This is what it’s looking like around here these days. Although, in all honesty, I took this photo in April 2004 so technically this is what it was looking like at this time four years ago. Which looks very much like right now.
I’ve decided to take the plunge back into the world of sunflowers. Anyone gardening in public space knows that sunflowers have a time-sensitive contract out on their lives beginning the moment they bloom. Their big beautiful blooms inspire grabbing hands that MUST rip and tear and have them all to themselves. I’d like to think those grabbing hands are taking the decapitated, stemless heads home and cuddling with them at night, clutching them with joy. The hands are lonesome. They need beauty in their life! Odds are that those ripped flowers don’t make it down the block — tossed into a City planter as soon as the hands realize the awkwardness of a stemless flower head.

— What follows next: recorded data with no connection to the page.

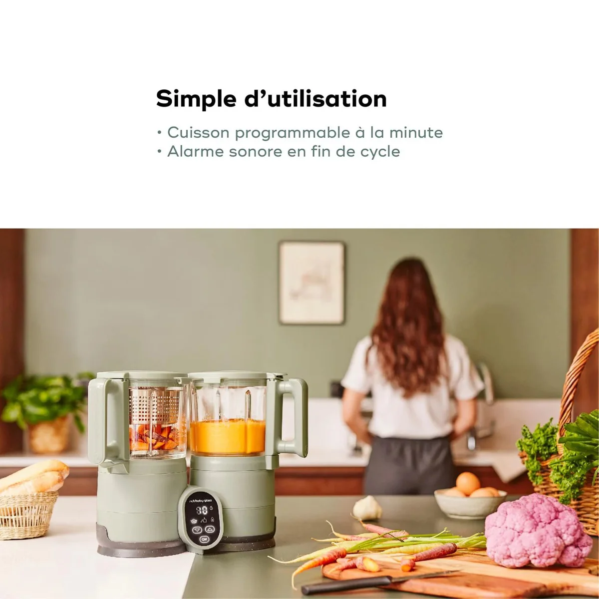 Cel mai eficient aparat de gătit pentru bebeluși din sticlă, acum cu panou de control al temporizatorului, pentru mese de casă gătite rapid și sănătos.
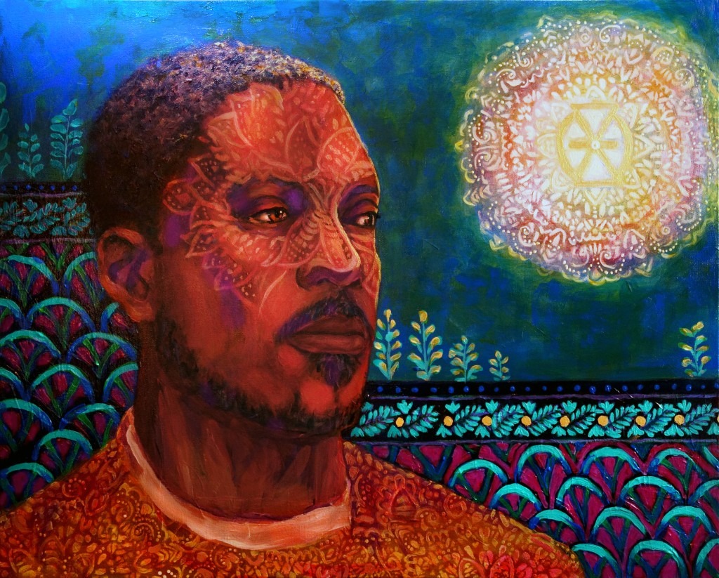 These paintings invite us to ponder the meaning of each symbol within the mandala and how it relates to our life and worldview. The patterned reflection on the figure is a visual representation of the process of our conscious self, merging with the cosmic, to remind us of our relation to the infinite – the world that extends both beyond and within our bodies and minds.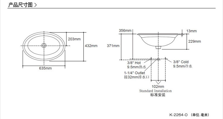 苔丝台上脸盆 K-2264T-0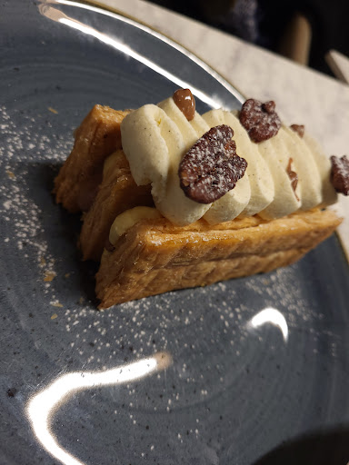 Read moreJe rejoins les autres avis concernant les prix surévalués au regard de la prestation et des quantités. La vaisselle est très belle, le menu se renouvelle régulièrement et tient à coeur de promouvoir le local. J'aurais souhaité que lors de notre avant-dernière visite , on ne nous serve pas une focaccia de la veille (ce qui a été explicitement confirmé par la serveuse mais sans autre commentaire ou action). De même récemment, les pâtes carbonara ont été servies en forme de vague masse agglutinée et pâteuse (surcuisson ?). Ce n'est pas une catastrophe, l'erreur est humaine et je ne le mentionnerais pas si les prix étaient plus justes. Le service est globalement vraiment bien (je remercie particulièrement Manon). En revanche, le serveur qui ajoute "mon très cher monsieur", "ma très chère madame" et "mes très chers messieurs-dames" à la fin d'absolument chacune de ses phrases pourrait s'abstenir ; c'en est devenu si lourd que nous avons fini par opter pour le room-service. Bref, un bon restau qui est le bienvenu en cas de séjour à l'hôtel parce qu'il n'y a rien d'autre dans les environs, mais je n'y viendrai pas si je n'avais pas de chambre.

The sight of enormous decapitated plants poking from the back of the garden is too heartbreaking. I got fed up years ago, throwing my arms up in defeat and announcing “A sunflower will never bloom in my garden again!”

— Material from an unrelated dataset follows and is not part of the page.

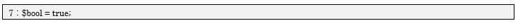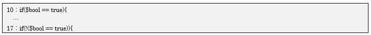7行目で今回の処理で条件分岐文の判定に使う変数$boolに「true」を代入しています。この変数は途中で変更することはないので、最後までtrueを保持します。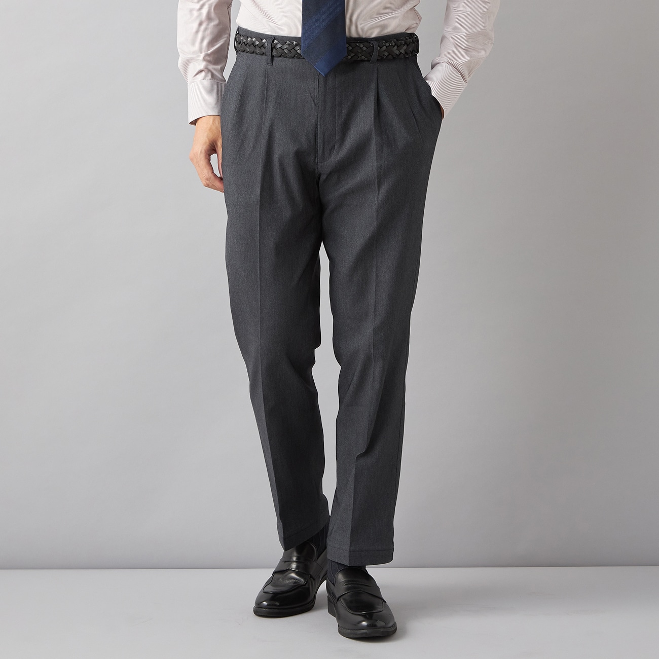 ストレッチ・ウエストらくらく機能付きのノンアイロンパンツ◆企画者コメント◆生地ストレッチに加え、ストレッチ膝あて&ウエストが最大5p伸びるらくらく機能の「体感ストレッチ仕様」、アイロン掛けなしではけるお手入れ簡単な快適パンツです。毎シーズン大変ご好評を頂いておりますウール混素材を使用したストレスフリーなノンアイロンパンツです。洗って干してすぐ着られる「ノンアイロン」でお手入れ簡単。生地ストレッチに加え、ストレッチ膝あて、ウエスト両脇が一部ゴム仕様になっており、左右約2.5cmずつ、計約5cm伸びる使用で快適な着心地です。--------------------▼生地サキソニー生地(薄いツイード調の生地)▼仕様テーパードノータック(細め)サイズ感:スリム(当社比で細めのサイズ)股上浅めのローライズパンツのため、ウエストサイズは+2cmで仕上がっています。※ウエストサイズ73cmの場合、実際は75cmの仕上がりサイズとなっています。詳しくはサイズスペックをご確認ください。▼機能〇 洗える(洗濯機洗浄可)〇 ノンアイロン〇 ストレッチ〇 ウエストらくらく(ウエストムーブ) ※ウエスト両脇が一部ゴム仕様になっており、左右約2.5cmずつ、計約5cm伸びる仕様〇 ウエスト部分(パイピング)に消臭繊維使用--------------------※こちらは裾のお直しが必要な商品です。ミシンでの補正をご希望の場合は「お直しの選択」ボタンよりお選びください。またお急ぎの場合はアイロンで裾上げができる、裾上げテープもご用意しております。--------------------▼スタッフ着用コメント@身長169cm 普段のサイズ:76p/本商品着用サイズ:76pスタッフコーデはこちら「・スリムなシルエット。 ・普段のパンツのサイズ感で大丈夫。 ・ウエスト〜腰周りはジャスト。太さはスッキリとキレイに見えるサイズで着用。 ・秋に丁度良い薄さの生地感。 ・伸びが良く軽やかな着用感。 ・意外と合わせやすい万能な色。紺ジャケットには間違いなし。」A身長172cm 普段のサイズ:76p/本商品着用サイズ:79pスタッフコーデはこちら「生地のストレッチ性で履き心地ち抜群です!!ローライズのテーパードパンツでシルエットもキレイですよ!!ウエストの内側はゴム仕様で約5センチ伸びるので、普段82センチの方でもタイトなサイズ感がお好みの方は79センチも着用オッケー」B身長180cm 普段のサイズ:76〜79p/本商品着用サイズ:79pスタッフコーデはこちら「ウエスト周りでサイズが決まります。裾にかけて細いテーパードパンツ。ストレッチ効いてウエストゴム仕様です◎」--------------------

And so I have remained since, living in denial that sunflowers exist. Allowing myself rare moments to enjoy them in other peoples’ gardens but never allowing myself to look at seeds or varieties. It’s all very sad and heartbreaking.
I let my guard down in a moment of weakness on our trip to Austin last month. We had soldiered through the rain and across a highway to visit Big Red Sun garden center. I refused to leave empty-handed having put in such great effort to get there! As soon as I saw this pack of ‘Chocolate Cherry’ Sunflowers from Renee’s Garden I knew I had to grow them. I had been withholding from sunflowers for so long that I had completely missed out on all the rich, burgundy varieties available. Now that the door is open I’ve also got my eye on ‘Cinnamon Sun’ and ‘Junior.’
You can bet I will not be starting any of these in the street/guerilla garden. No ma’am, I am saving a nice sunny and safe spot on the roof for these babies and I MIGHT attempt to grow one in my plot at the community garden where their safety is less secure but much greater than their chances in the Garden of Doom.
Just when I thought today couldn’t get any worse and that I might waste the day away wallowing in a pity party for one, seeds arrive in the mail. It’s amazing how such a small thing can cheer me up so fully.
I’m very determined to experiment with melon varieties this year. I ordered three more varieties from Seed Savers but will probably have to narrow my choices down to 2 or 3 varieties in total for want of space. I tend to order seeds with the kind of ambition best reserved for a sprawling country farm.
A stack of lettuce seeds, the fruit of my first attempt ordering via the complicated Seeds of Diversity system arrived from Vicki’s Veggies a CSA located about an hour or two away in Prince Edward County. As soon as the ground thaws I plan to get outside and sow some ‘Drunken Woman’ lettuce. It’s encouraging to know that at least some of my seed money was not diverted towards a disgruntled postal worker luncheon. Who knows what else will make it to my mailbox this week. I put through a lot of last-ditch seed orders recently.
I took this photo last year, although I’m sure if I went there today it would look much the same. Spadina House is one of my favourite Toronto hidden gems. I like to go there on sunny summer afternoons to lay underneath the apple trees. It is always quiet and solitary. And the gardens are fun to explore too.
And the winner in the race to germination is… ‘Purple Calabash’ Tomato. Because I know some of you will ask, I will just go ahead and clarify that the drops of water on the leaves fell from condensation that had formed underneath the “greenhouse” lid and onto the leaves when I removed it and are not due to top watering or spraying.
Some of you have asked about mold and fungal problems when seed starting. Both top watering and spraying can cause these sorts of problems and should be avoided most especially when the seedlings are young and vulnerable. Watering seedlings from below by pouring into a tray or saucer rather than onto the soil gives you more control over both the quantity and distribution of water to the plant.
Captioning this photo required a long mental pause to determine how long it had been since my trip to Austin. It feels like months have passed when in fact this photo was taken exactly 16 days ago. I asked Davin to take a picture as a memento of my last interaction with a mature tomato plant until July. Although I am impatient, it is encouraging to know that in three to four months the little seedling above will look something like the plants in this picture.